Les motifs de la colère des salariés sont connus : le CCE a validé un nouveau plan de restructuration qui prévoit réduction de fréquence de lignes et suppression de 2 900 postes. Une autre vidéo montrant une hôtesse tentant un impossible dialogue avec les dirigeants témoigne du désarroi des personnels face à ce nouveau plan. «  Ca fait quatre ans que nos salaires n’ont pas évolués, explique-t-elle à des cadres qui l’ignorent ostensiblement. Nous, on les a fait les efforts, quatre ans sans rien et c’est nous qui trinquons   ». Ces images traduisent une autre violence, celle du non dialogue, du mépris des chefs pour les subalternes. Une violence de classe qui ne légitime pas les débordements mais les replacent dans leur contexte. Les salariés jetables ne veulent plus être jetés au nom de la rentabilité, et lorsque quelques uns dérapent, ils mettent leurs supérieurs dans l’état dans lequel ils se sentent : à poil. Il n’y a pas de coups, pas de sang, juste des vêtements arrachés. Ce ne sont pas tant les faits qui ont choqué la classe politique, que les images de ces deux hommes apeurés et elles choquent essentiellement parce qu’on sait que ce sont des patrons.

D’autres violences, plus discrètes et plus durables, ont lieu dans Paris. Comme par exemple celles que subit depuis un mois et demi le cirque Romanès. Elles ne font pas la une des médias et ne suscitent aucun commentaire chez les politiques. Ce petit cirque familial tzigane, installé à Paris depuis 1993, a du quitter la Porte Champerret et la Mairie de Paris a décidé de l’installer sur une partie non aménagée du square Parodi, entre Porte Maillot et Porte Dauphine. Mais leur présence dans le XVIème arrondissement semble déplaire. Deux associations locales harcèlent la mairie pour obtenir leur départ, estimant que leur implantation dégrade un espace vert classé.
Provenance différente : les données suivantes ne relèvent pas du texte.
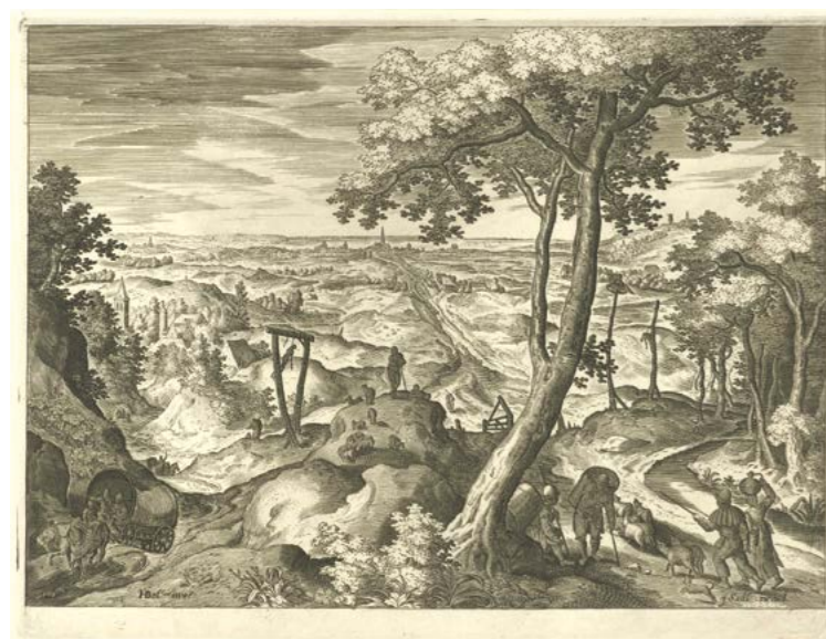
Abb. 129 | Landschaft mit einem Galgen. Stecher: Johann Sadeler (I) (1550–1600). Nach Hans Bol (1534–1593). Um 1560–1600. Kupferstich auf Papier. Amsterdam, Rijksmuseum, Inv. Nr. RP-P-OB-7508.

Warum sich die Untertanen an der Aufhebung des Stocks – einer hölzernen Fuss-, Hand- und Halsfessel bzw. des Schandpfahls oder Prangers – und des Galgens störten, begründeten sie in der Beschwerdeschrift nicht. Hätte ihnen die Beseitigung dieser herrschaftlichen Disziplinierungsmittel nicht willkommen sein können? Verständlich wird ihr Verhalten, wenn man die rechts-symbolische Bedeutung der Schand-, Marter- und Hinrichtungsinstrumente bedenkt.

Et surtout, le campement fait régulièrement l’objet de dégradations et de vols. Portes et fenêtres des caravanes fracturées, arrivée d’eau et câbles électriques arrachés, boitier internet incendié, costumes, instrument et photos volés. « On ne sait pas qui c’est, a confié Alexandre Romanès au Parisien, l’autre jour, j’ai réussi à en choper un. Avant de s’enfuir, il m’a dit : On me paye pour vous embêter  ».

Au début Alexandre et sa femme Délia ont préféré ne rien dire, mais les violences se répétant ils ont alerté la mairie de Paris et parlé à quelques journalistes. Pour eux ce qui motive ces gestes est bien le fait qu’ils soient tziganes. Depuis… rien ou pas grand chose ne s’est passé. Aucun politique n’a pris la parole pour dénoncer des actes racistes, aucun ministre n’a demandé à ce qu’on attrape et punisse lourdement les coupables. Et pour autant que l’on sache personne n’a été voir si, du côté de la Porte Maillot, une caméra n’aurait pas enregistré des mouvements suspects. Ces violences là ne choquent pas, elle reste de l’ordre du fait divers.